Houses present many new challenges

#553 in a series of true experiences in real estate
June 2008, Hills Newspapers

Houses all have so many parts and surfaces, it’s a constant struggle to keep up with them all. This week I got word that my insurance company will not renew my homeowner’s policy unless I paint the outside of my house. They sent out an inspector who walked around the exterior (I’m told this is routine for everyone) and found some peeling paint.

Anet wonders what the problem is for the insurance company. Peeling paint makes for greater risk? I’m not sure. It isn’t that the house looks a shambles. There are spots, especially on the sunnier side, that would benefit from new paint, but most of the exterior doesn’t look too bad. I do plan to have it painted sometime, but I know it will be expensive, and I’m not ready to spend the money.

If I stay with this company, will they send another inspector to check up on me?
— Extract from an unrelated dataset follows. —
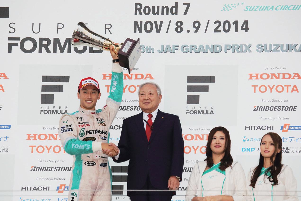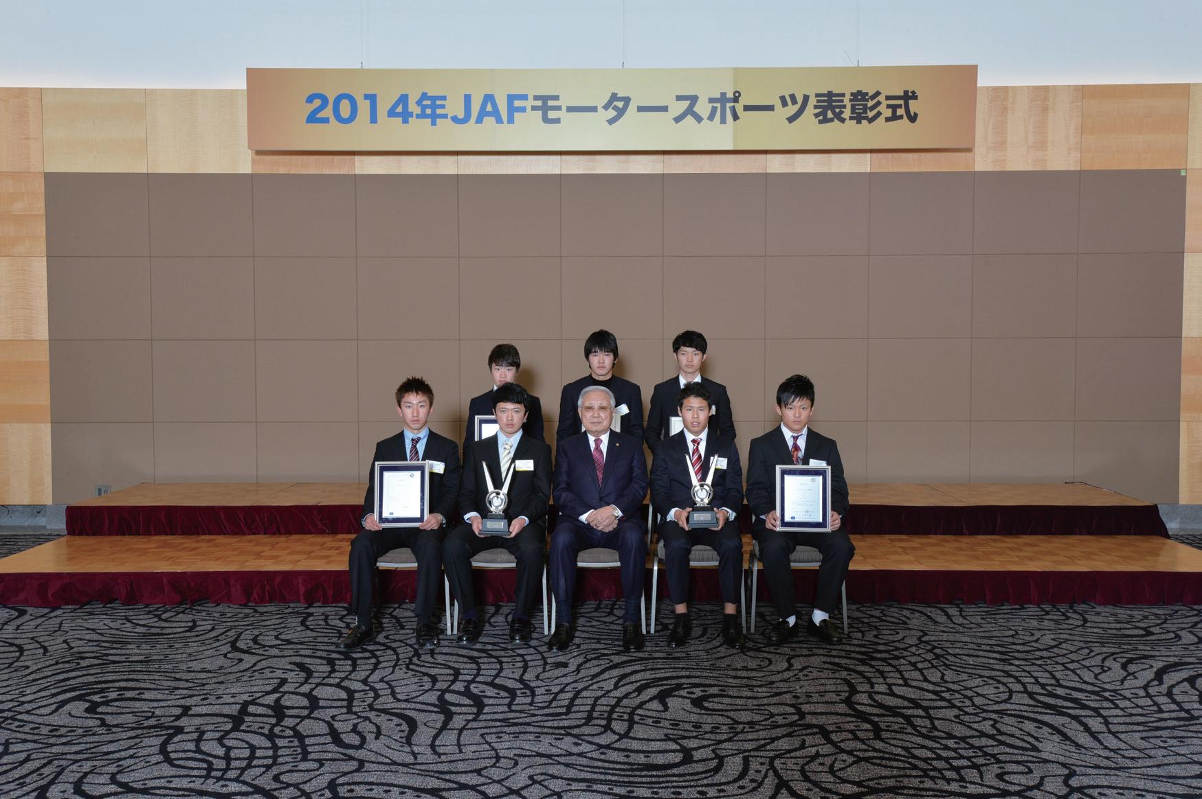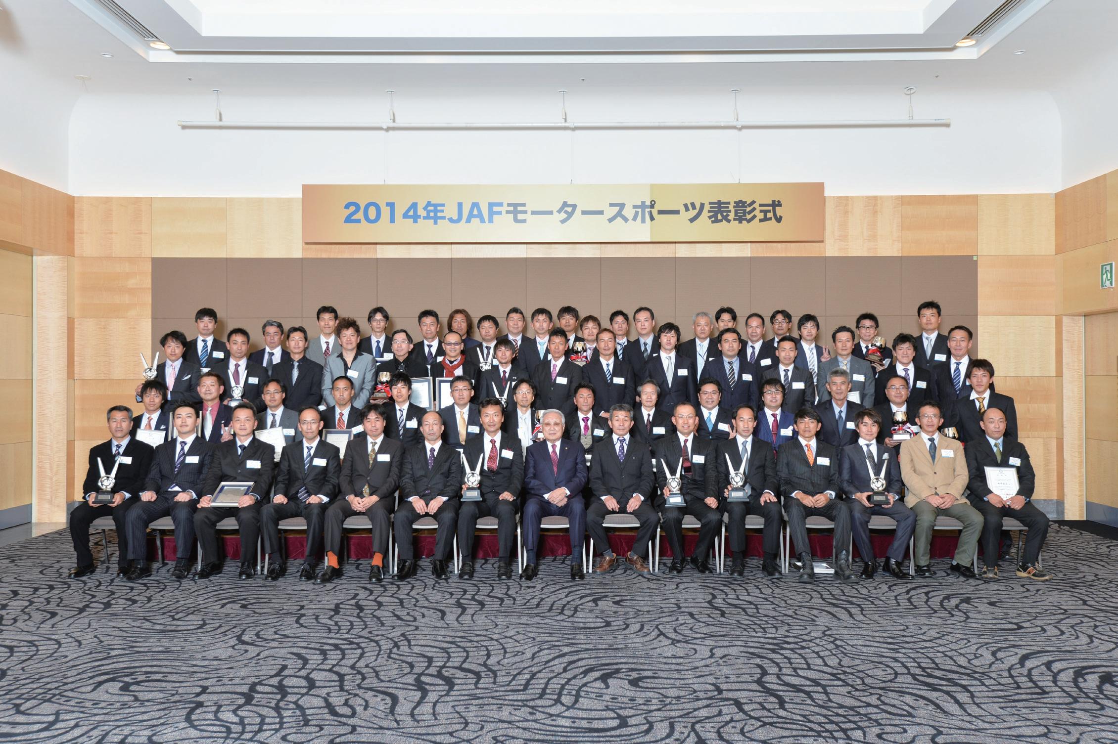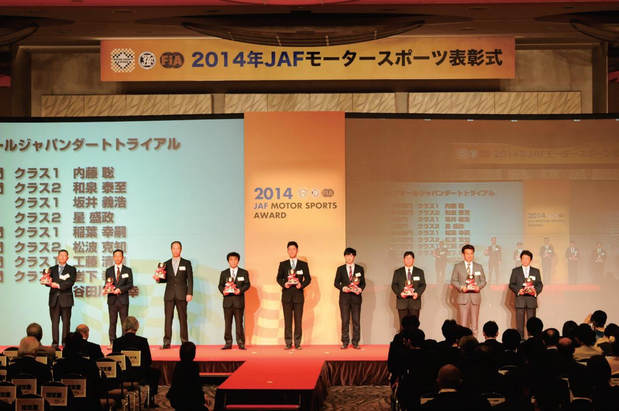 まず、長年モータースポーツ界の発展に尽力された方々に贈ら れるJAFモータースポーツ名誉委員の称号贈呈から式は始まり、 2014年はレース界でご活躍を続けてこられた東名パワードの鈴木 修二氏が受賞された。

If I change to another company, will they also send an inspector and want me to paint? I don’t know the answers. I’m thinking about what to do. Maybe touching up the obvious spots will do the trick for awhile. They did give me a year to fix it.

Meanwhile, at my rental property, my tenant called to say that the electricity had gone out in parts of her apartment. She’d been using her hair dryer in the bathroom, then suddenly, the electricity went off. I had her look at the circuit breakers to see if one had tripped, but no, they were all in the on position.

Anet enjoys puzzling out a problem, so we went to the apartment and turned on all the lights. Then, while Anet switched circuits on and off from the electrical main on the driveway, I yelled out to her what was getting juice. An hour later Anet knew exactly what was on the blown circuit but did not know how to fix it.

She called Shaun, our contractor friend who unfortunately now lives several hours away from us, and she described what she knew, including that the tenant’s hair dryer had switched itself off several times in a row, she’d reset each time, then the electricity was lost. Shaun said, “It’s probably the neutral wire, and it might just need replacement at the switch, but then again, it might be anywhere in that line.”

This seemed to mean something to Anet. She called an electrician to make a date and then bought, so it would be on hand when he arrived, a GFCI (ground fault interrupter) switch. The electrician came, heard from Anet everything she and Shaun had figured out, and guess what, they were right. In less than an hour, the melted neutral wire was replaced and the new GFCI put in. Problem solved for $100 total.

Our next house challenge came up shortly after in our new listing. A one-piece Kohler toilet was running but only sometimes and very softly. Anet got interested (not surprising) and spent quite awhile looking at the inner workings of the toilet, the flapper and the ball-cock assembly. She made various adjustments to see if they would make a difference, but they did not, so she called Shaun.

Shaun said that this sort of toilet has a different way of filling and turning off and that he’d be glad to replace the “guts” when he is in the area again. He suggested that Anet turn off the water at the toilet, remove the main parts and get new ones at a plumbing supply house.

Back at the toilet, Anet tried removal but all she got out of the tank was a lot of water, much of it squirted over her. Wet and frustrated, she called a plumber. Plumber was terrific. He looked, said immediately, “Parts get old and dried out, don’t work anymore, let’s replace them.” He had in his truck (glory be) everything necessary to fix the toilet. $147 total for this problem solved. And so it goes with houses, just the regular things that break or wear out, always something different.